Feature - CMS readies network links for LHC data


CMS data transfer rate in MB/s during the data transer debugging task, from September through November 2007.
Image courtesy of CMS.

Transfer 300 thousand million bytes (300 Gigabytes) per day for six out of seven consecutive days and move a total of 2.3 Terabytes during that same seven-day period—that’s 2.3 million million bytes—these are the criteria that each major network link in the Compact Muon Solenoid’s computing structure must satisfy when the Large Hadron Collider turns on this summer. Together they will transfer tens of Terabytes a day.

The CMS computing structure comprises an internationally distributed system of services and resources that interact over the network through the Worldwide LHC Computing Grid (WLCG).

The three-tiered architecture, fetchingly illustrated in a Flash animation from the GridCafe, functions as a single coherent system. Data collected at CERN, the top tier (dubbed Tier-0), is distributed to a set of seven Tier-1 sites in as many countries. Tier-1s host large-scale, centrally organized processing activities and in turn distribute data to smaller Tier-2 centers.

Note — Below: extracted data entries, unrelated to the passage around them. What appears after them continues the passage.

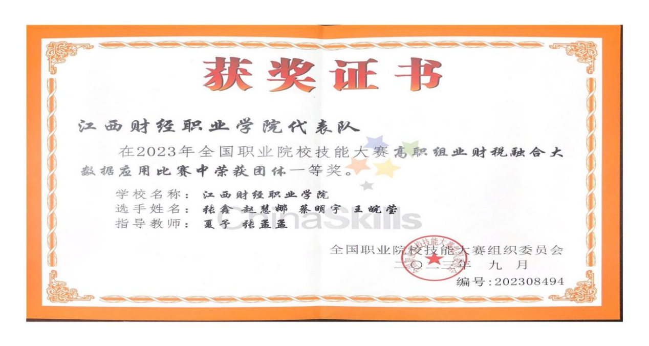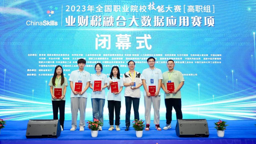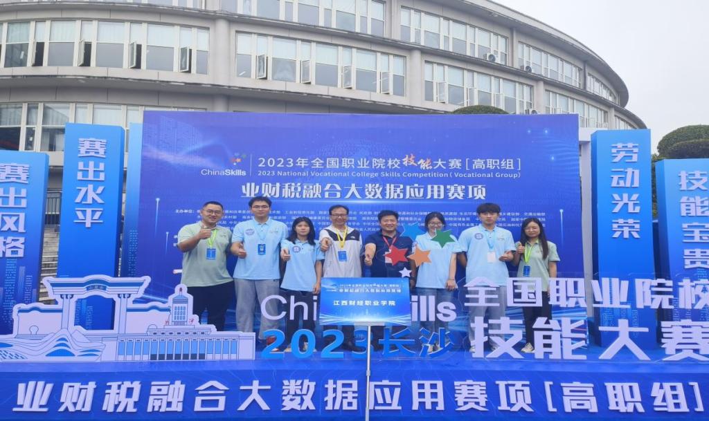9月22日至24日,2023年全國職業院校技能大賽(高職組)“業財稅融合大數據應用”賽項在長沙商貿旅游職業技術學院進行,今年是該賽項的首屆比賽,共有來自全國各地高職院校的95支代表隊、380名學生參賽。經過一天半的角逐,由我校財稅金融學院夏予、張孟孟老師指導的張鑫、趙慧娜、蔡明宇、王皖瑩四位同學組成的江西省代表隊斬獲團體一等獎。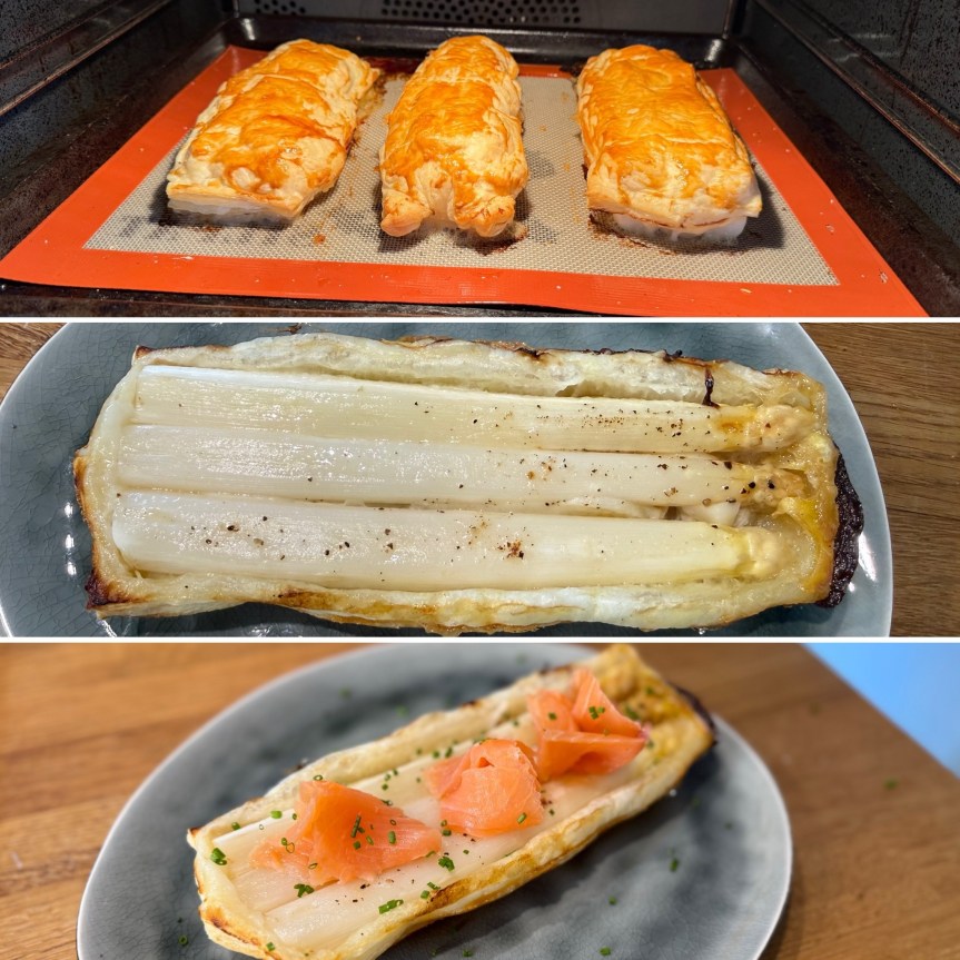 Die Spargelzeit ist endlich da, und es wurde Zeit für ein neues Rezept: es gibt Blätterteig-Schiffchen mit Spargel, Ziegenkäse und Räucherlachs! Eine spannende Kombination, die tatsächlich wahnsinnig gut schmeckt … tatsächlich aber auch sehr stättigend ist. Der Spargel wird mit dem Ziegenkäse gratiniert und bleibt, umhüllt vom knusprigem Blätterteig, schön saftig. Honig und Gewürze runden das ganze bestens ab, und der Räucherlachs bringt eine tolle, mir bisher unbekannte Abwechslung dazu. Grandios ist auch wie einfach und schnell alles zubereitet und im Backofen ist – ein absolut empfehlenswertes Spargelrezept!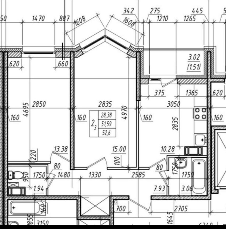 (На фото планировка строительная, после переобмера по ПИБ площадь квартиры составляет 52,5 с коэффициентом балкона).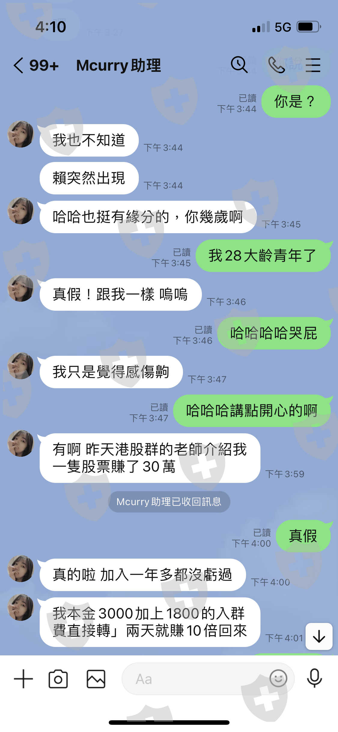 首先我一開始被不認識的好友邀請進港股群後面又說老師在帶著操作外匯讓我跟上,我也傻傻的想說有機會賺錢就試試看誰知道錢給了後去網路查發現是詐騙,趕快要求出金時客服跟網友已經不見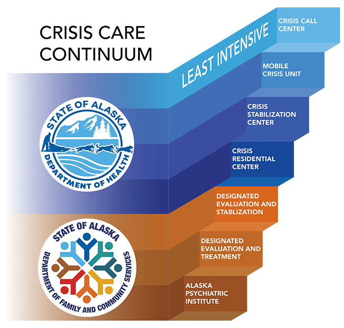The crisis care continuum is not a linear continuum. An individual may start anywhere along the continuum and a more intensive service is not necessarily the next step in addressing a mental health crisis. The least intensive service that an individual in Alaska can access is the 988 call center hotline. Individuals in crisis may call 988 and be connected with emergency mental health services, including suicide prevention. If needed, a mobile crisis unit may be sent out to the individual to assist with stabilization or connection to other resources. Currently, Alaska does not have a mobile crisis unit in every community, but more communities are planning on offering this service. The least intensive facility on this continuum is the crisis stabilization center which offers stabilization services that are less than 24 hours in length. If an individual needs to stay longer, but can be stabilized within 7 days, the crisis residential center is the facility to offer that service. The crisis residential center is meant to be an alternative to involuntary hospitalization, but can accept individuals on an involuntary commitment order for evaluation if the facility is designated. The services described in this paragraph are all administered by the Department of Health.
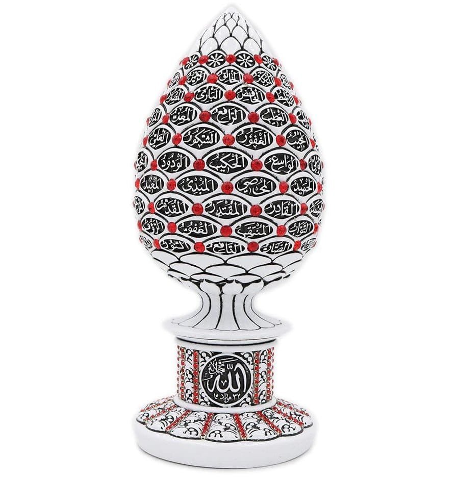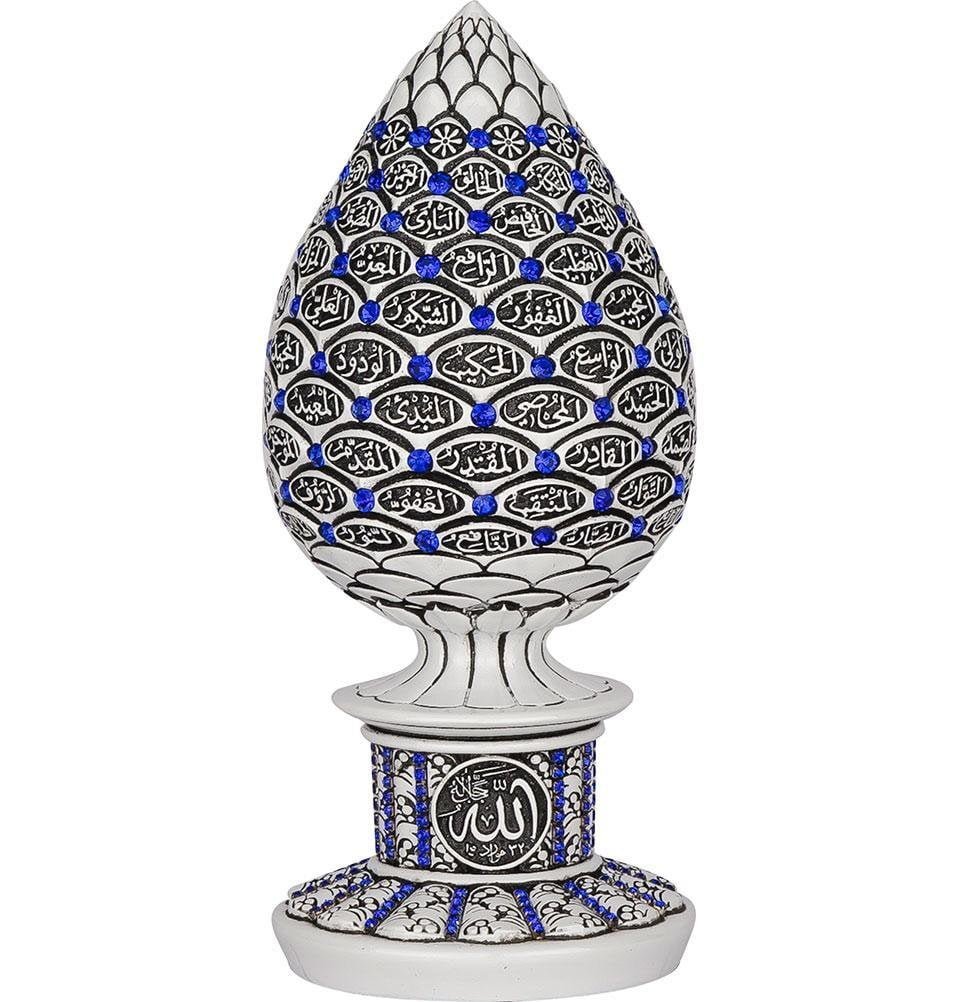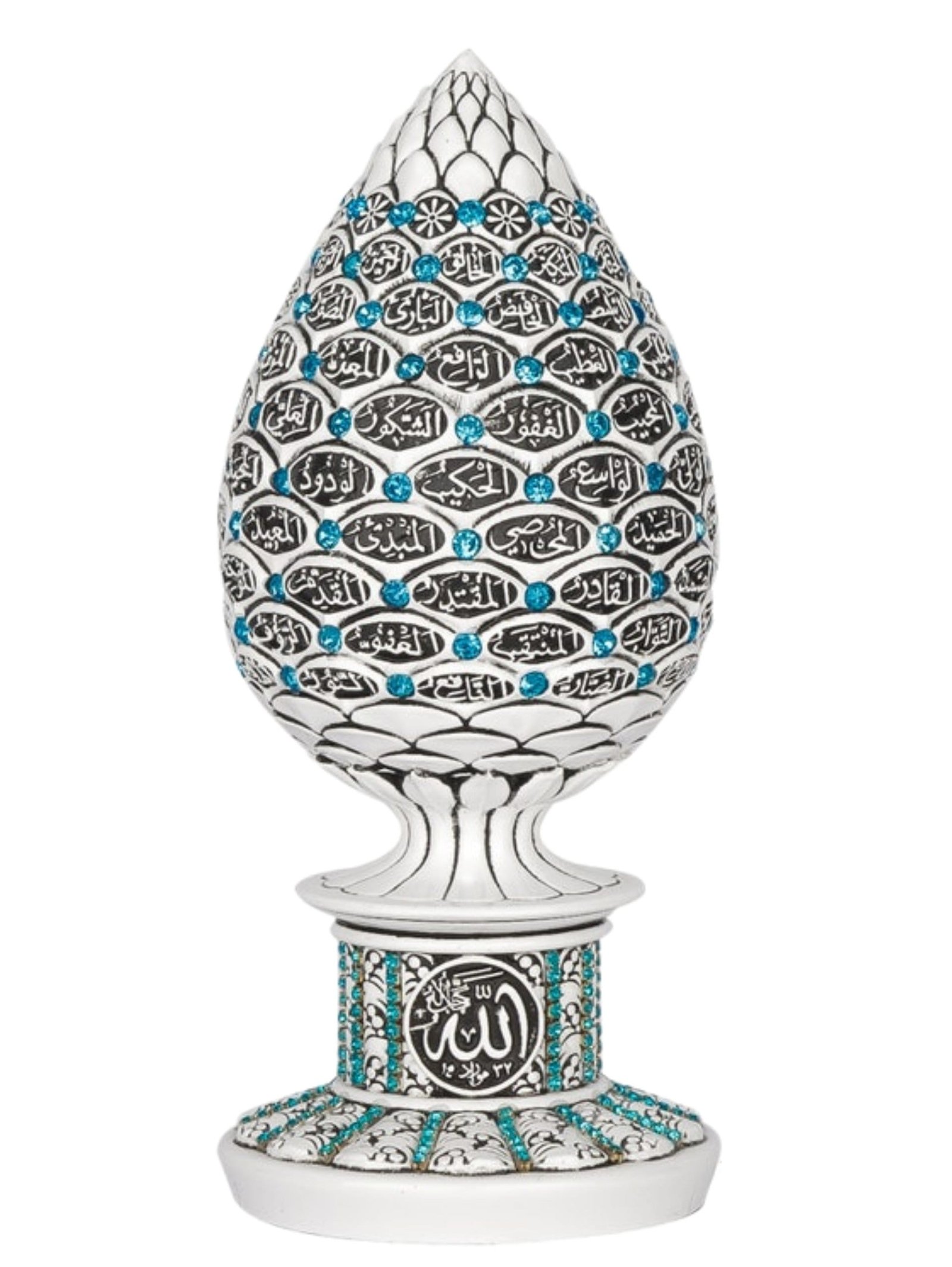 A beautiful white and blue cone sculpture engraved with the 99 names of Allah accented with crystal rhinestones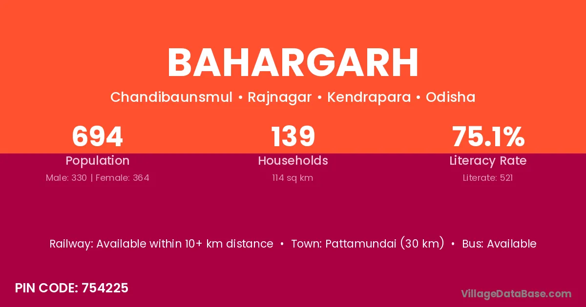 Pattamundai (30 km) is the nearest town to Bahargarh village for major economic activities and is located approximately 30 km away.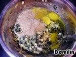 Для него берем 2 яйца + 1 белок, 1/3 стак. панировочных сухарей и 250г раскрошенной феты. -
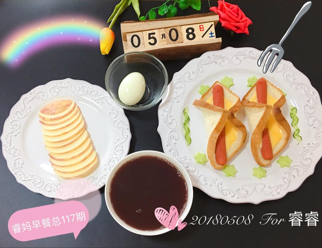 今日早餐:火腿芝士吐司➕白煮蛋➕杂粮粥➕🍎苹果🌺🌺🌺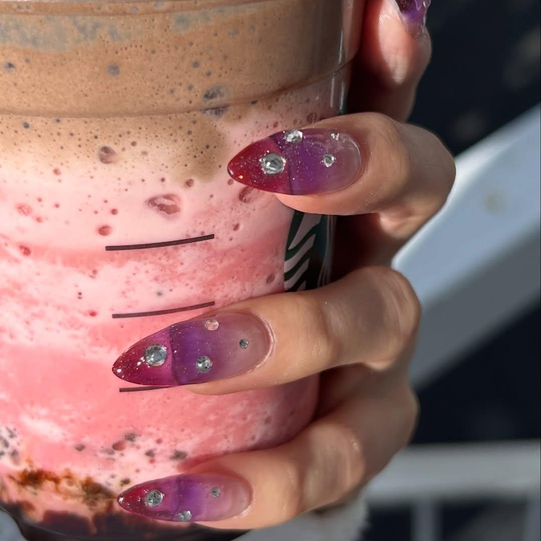 Когда не хочешь использовать втирку, можно сделать малиново-фиолетовый градиент на кончиках ногтей. Он прекрасно смотрится на миндалевидной форме и стилетах. Дополнить такой маникюр можно стразами, если хочется чего-то поинтересней.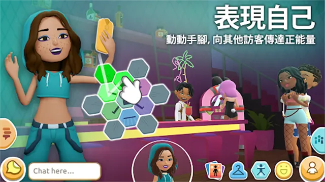 它的特色超多!能自定义3D角色,用海量服装配饰等打造独特风格;还能定制装饰房间,按喜好布置。社交方面也很出色,能和其他玩家聊天组队,一起探索酒店找秘密,参加主题活动。玩法简单易上手,进入游戏后能轻松分配角色,自定义外貌昵称,在酒店自由探索,比如去超市买衣服。操作时点击屏幕控制角色行动,点击门能去大厅,还有表情可随时换心情。快来下载,开启你的虚拟现实精彩生活吧!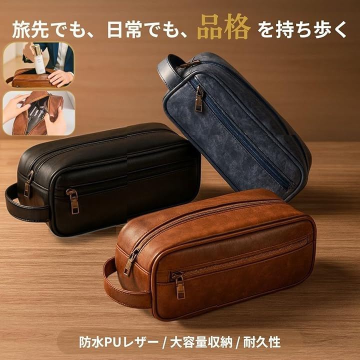 高品質なPUレザーを使用したミニセカンドバッグ&トラベルポーチです。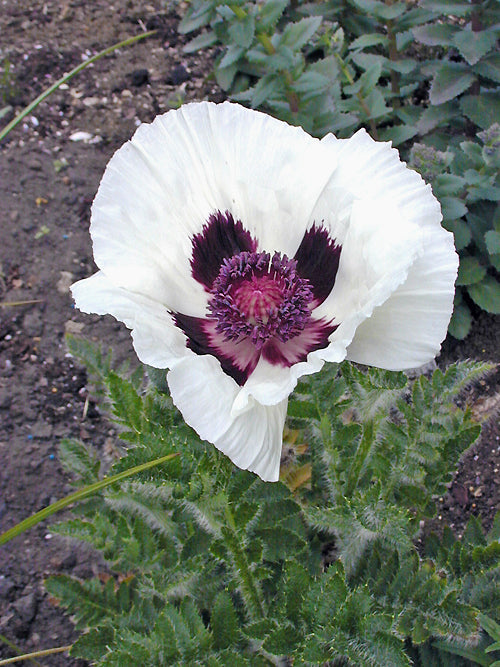 Pure white flowers with black patches at the base of each petal which sometimes mutate to intruiging greyed pink stains with yellowish edges likes old severe bruises May-Jun, 75cm. Easy.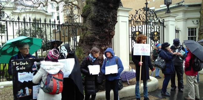 Demonstrasi tersebut, yang diselenggarakan oleh Kelompok Kampanye Melawan Perdagangan (CAAT) yang berbasis di Inggris, menampilkan para aktivis yang mengungkapkan kemarahan mereka atas penjualan senjata ke Saudi. Mereka menilai bahwa dengan penjualan itu, Inggris sama saja mengakui pertumpahan darah yang sedang berlangsung yang telah membawa lebih dari 13.500 orang Yaman tinggal sejauh ini.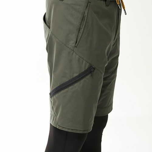 ●ポリエステル100%だが吸汗拡散に富んだ機能素材を使用●軽量で耐久性に優れる●ポリウレタンを入れたストレッチではないので経年劣化しない●左カーゴポケットフラッグにオリジナルロゴ再帰性反射プリント入り●ポケット袋布の底部は補強布を当てた二重仕立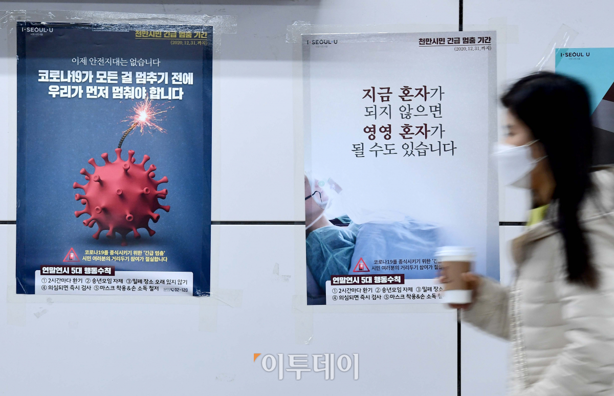 서울 지하철 운행이 27일 오후 10시부터 20% 줄어들고 수도권 전철 1호선과 4호선 등도 종착역 기준 막차 시간이 0시 30분으로 단축된다. 지난 24일 서울 시내버스 야간 감축 운행에 이어 코로나19 수도권 확산에 따라 조기 귀가를 유도하기 위한 조치다. 이날 서울 구로구 신도림역에 ‘천만시민 긴급 멈춤 기간’ 포스터가 게시돼 있다. 신태현 기자 holjjak@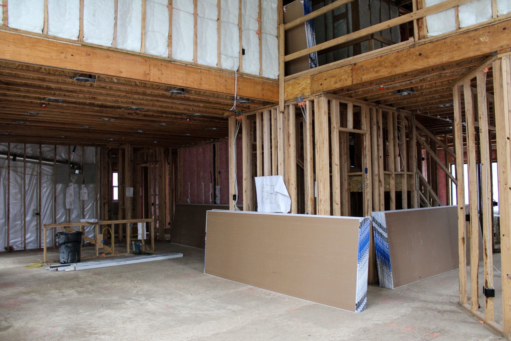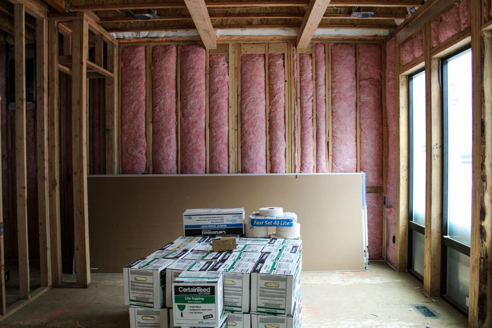 Like the Clyde Hill home, this home is starting to come together – just a day or two behind. Walking through the house, it feels a little less of a shell with the pink tufts of insulation lining the walls. Stacks of materials hint at more progress around the corner.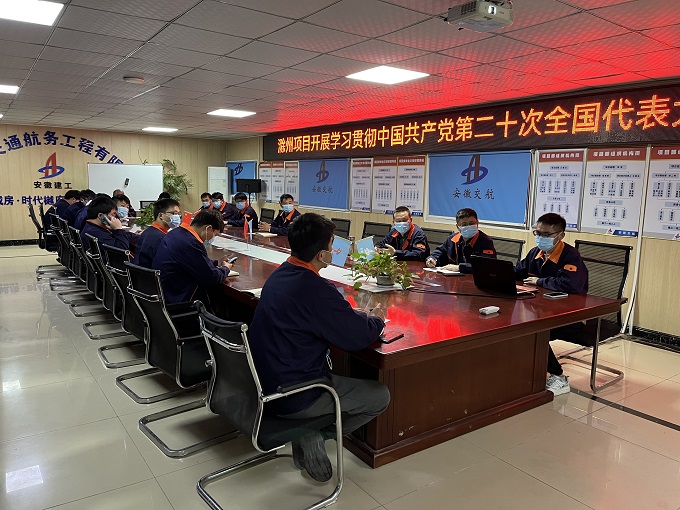 10月27日,滁州項目黨支部組織項目全體人員在會議室召開學習宣貫中國共產黨第二十次全國代表大會精神專題會議,項目經理王德生主持會議。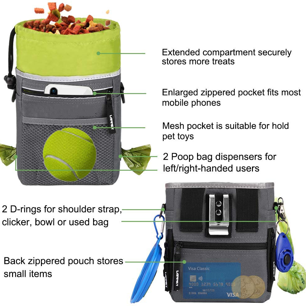 | Nome | Borsa per cani di grande capacità Borsa per addestramento per animali domestici con cintura Sacchetti per snack alimentari per cani da viaggio | ||||||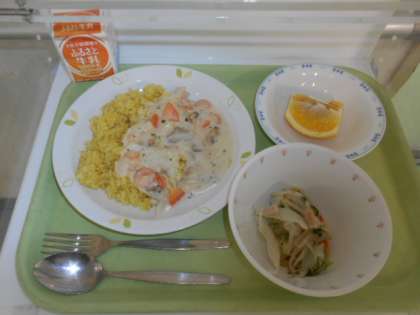 ドリア 牛乳 ベーコンと水菜のサラダ くだもの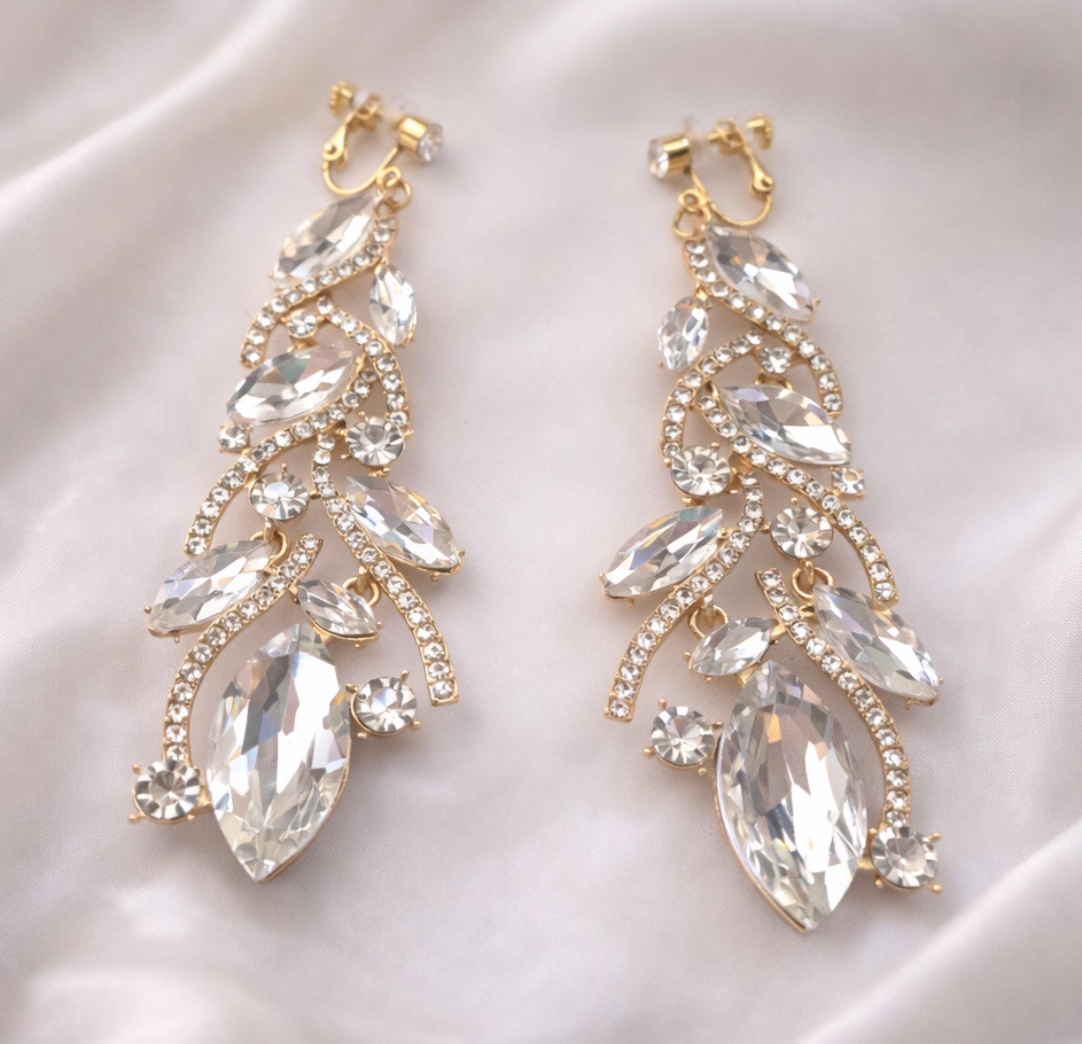 Perfect for weddings, special occasions, or evening wear, these statement earrings offer a luxurious look without the need for pierced ears, thanks to their secure screw design clip-on fastening.

The 45 Tier-2s provide capacity for analysis, calibration studies and simulation, and are available to the entire CMS collaboration through the grid.

Last July CMS assembled a task force to ready the inter- and intra-tier networks.

“As this task started, the networking infrastructure was largely in place, but most of the data transfer links didn’t work,” says James Letts, project scientist at the University of California, San Diego.

The task force ran a set of simulated datasets up the computing chain to CERN, and ran workflows based on these datasets back down to the Tier-1 and Tier-2 centers.

Thanks to a tool developed by Brian Bockelman of the University of Nebraska and CERN summer student Sander Sõnajalg, the team extracted transfer volume data from PheDEX, CMS’s data transfer middleware, and applied the stringent commissioning criteria to it.

“In the transfer tests in February 2008 we were able to more than double the throughput over all links seen in the 2007 CSA07 tests,” said Letts. “At this point (May 2008) all the Tier-1 sites are stable and about two-thirds of the Tier-1 to Tier-2 connections have been commissioned.”

CMS continues to push hard towards a stable and well-performing system for the start of data taking.

“The ability to move and analyze data is essential to any experiment, and so far the data transfer system in CMS seems to be up to the challenge,” said Letts.
 

Tier-1 (red) and Tier-2 (blue) sites worldwide in CMS.